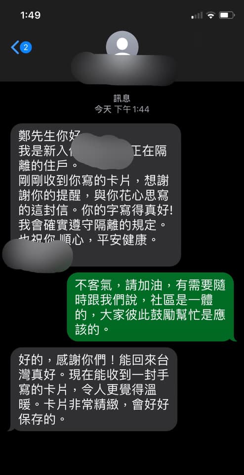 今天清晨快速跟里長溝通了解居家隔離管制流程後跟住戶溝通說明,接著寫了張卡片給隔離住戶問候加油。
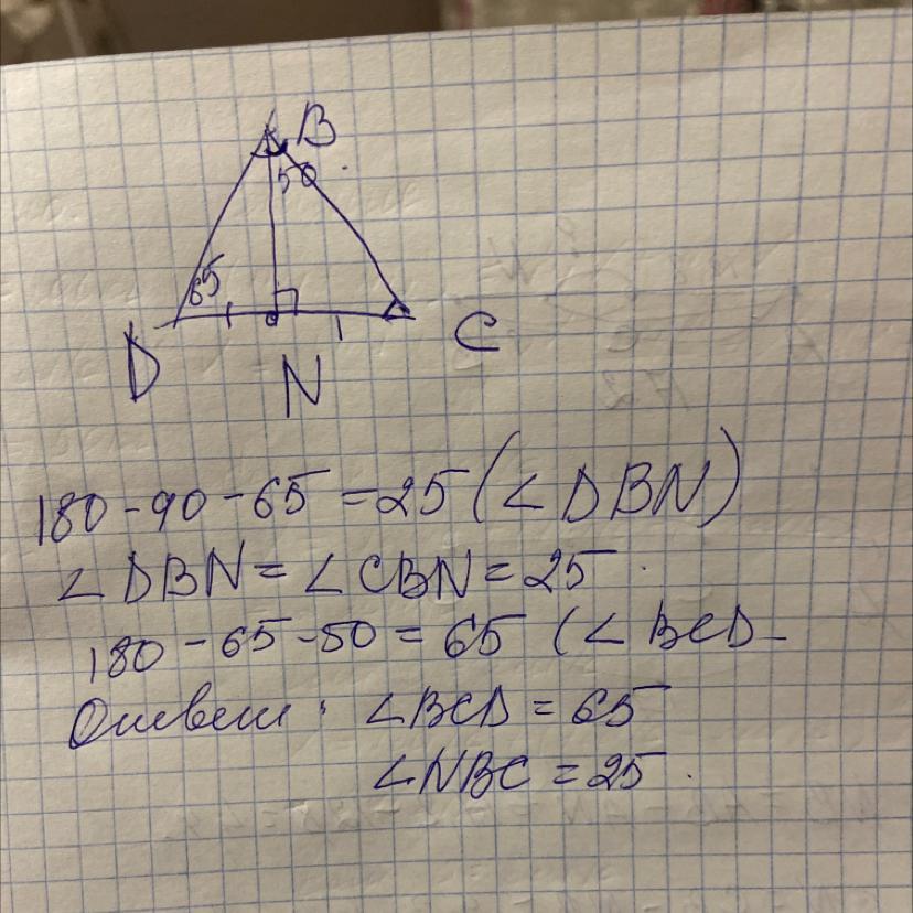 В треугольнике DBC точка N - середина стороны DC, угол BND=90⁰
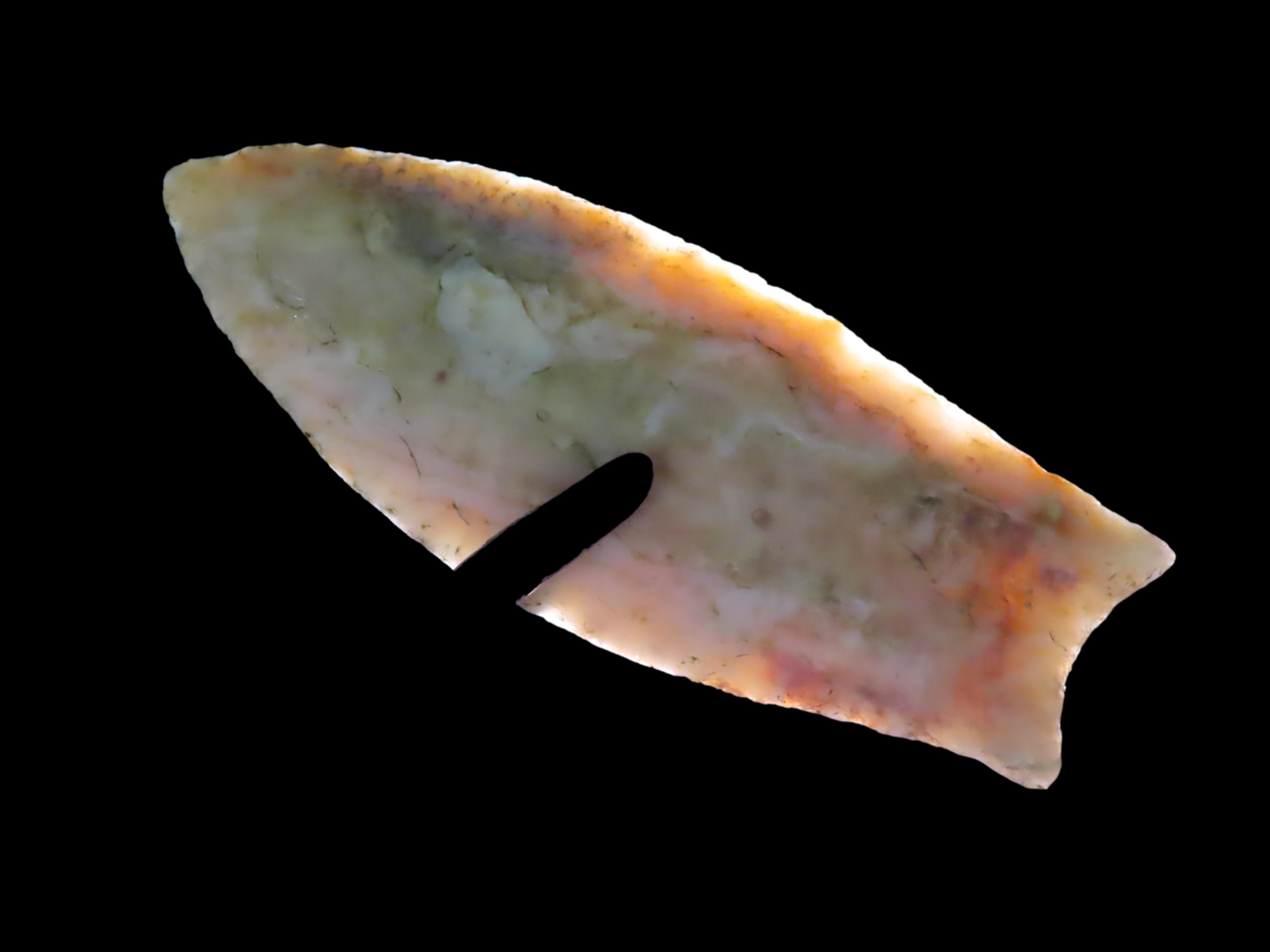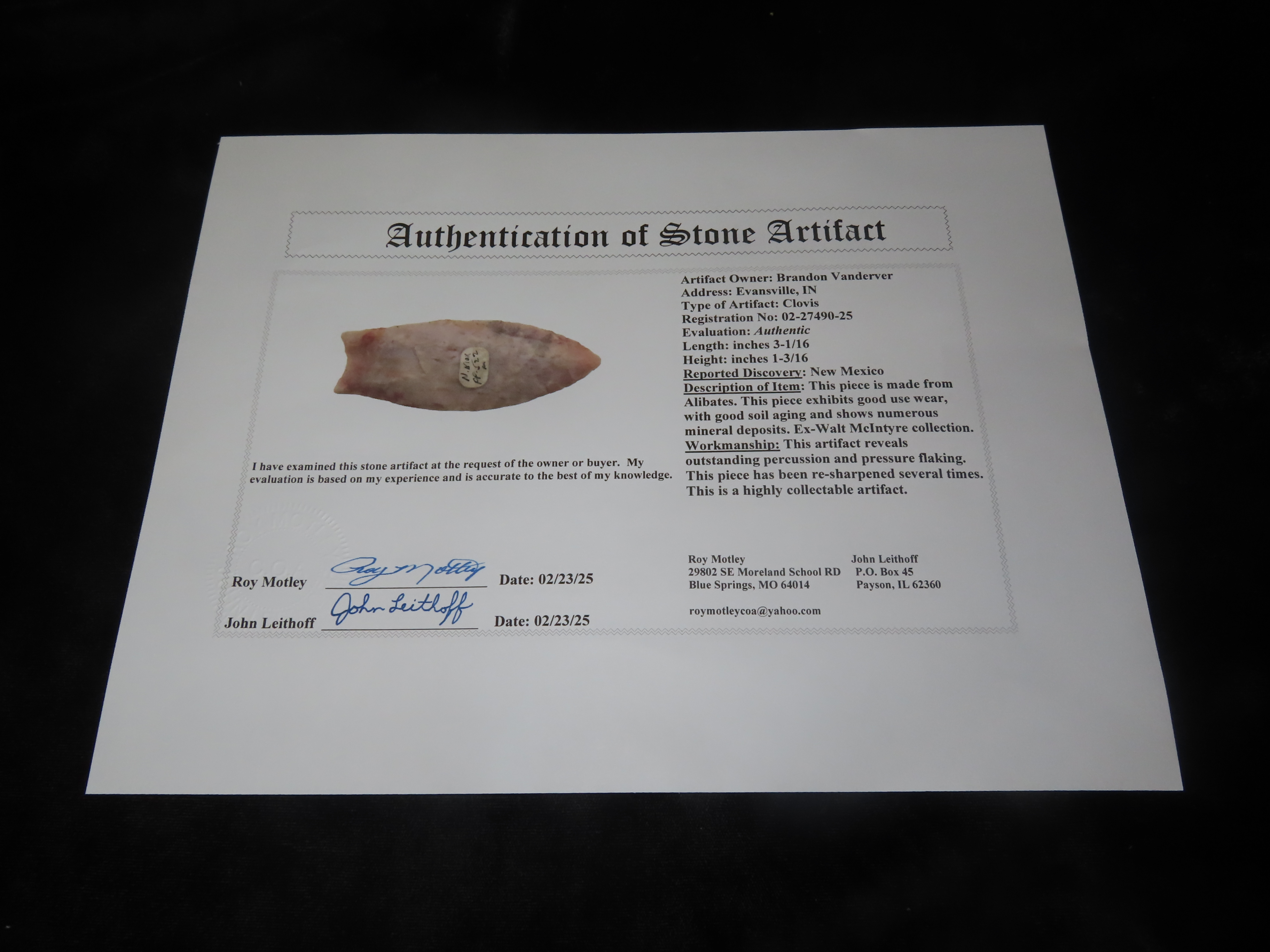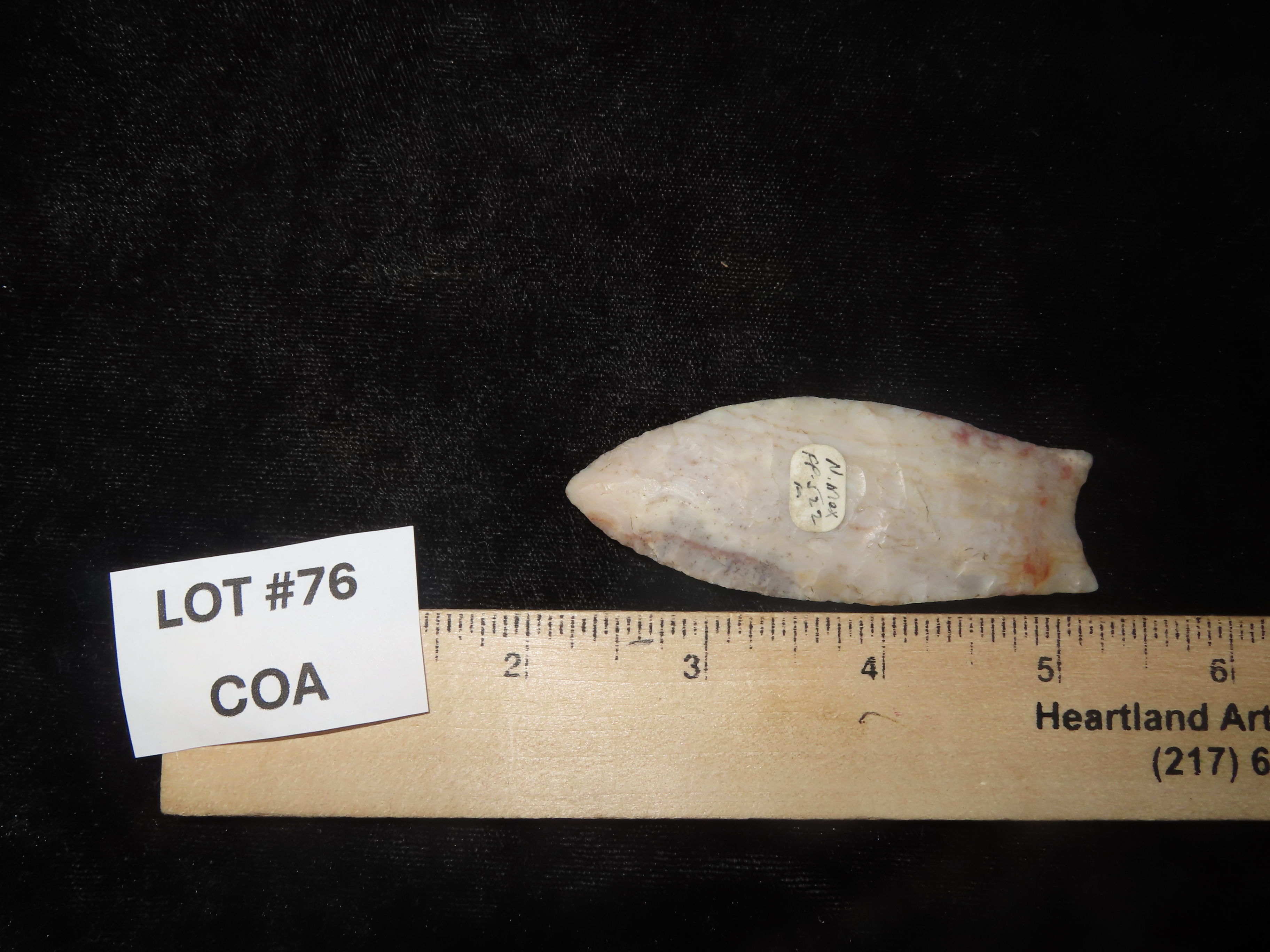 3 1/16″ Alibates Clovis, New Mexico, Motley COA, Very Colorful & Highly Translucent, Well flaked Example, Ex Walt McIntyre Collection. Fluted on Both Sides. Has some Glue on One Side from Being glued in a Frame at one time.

= = = = =

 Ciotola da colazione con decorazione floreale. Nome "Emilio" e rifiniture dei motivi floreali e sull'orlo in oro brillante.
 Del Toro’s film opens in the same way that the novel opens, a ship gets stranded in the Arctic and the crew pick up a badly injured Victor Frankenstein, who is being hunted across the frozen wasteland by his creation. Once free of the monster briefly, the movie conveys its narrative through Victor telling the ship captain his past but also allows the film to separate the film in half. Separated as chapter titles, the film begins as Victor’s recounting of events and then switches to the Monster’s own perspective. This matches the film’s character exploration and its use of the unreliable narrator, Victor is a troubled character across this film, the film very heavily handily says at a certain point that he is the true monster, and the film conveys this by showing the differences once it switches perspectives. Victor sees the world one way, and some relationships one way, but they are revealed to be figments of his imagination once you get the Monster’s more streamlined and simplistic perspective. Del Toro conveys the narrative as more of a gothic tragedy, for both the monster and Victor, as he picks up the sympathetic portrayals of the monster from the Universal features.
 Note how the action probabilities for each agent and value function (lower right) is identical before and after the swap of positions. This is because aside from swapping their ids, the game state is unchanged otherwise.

= = = = =

* **Prompt**
In the data above, find the line containing "今天清晨快速跟里長溝通了解居" and the line containing "3 1/16″ Alibates". Repeat those two lines and everything between them exactly, minus the pictures.

* **Written reply**
 今天清晨快速跟里長溝通了解居家隔離管制流程後跟住戶溝通說明,接著寫了張卡片給隔離住戶問候加油。
 В треугольнике DBC точка N - середина стороны DC, угол BND=90⁰
 3 1/16″ Alibates Clovis, New Mexico, Motley COA, Very Colorful & Highly Translucent, Well flaked Example, Ex Walt McIntyre Collection. Fluted on Both Sides. Has some Glue on One Side from Being glued in a Frame at one time.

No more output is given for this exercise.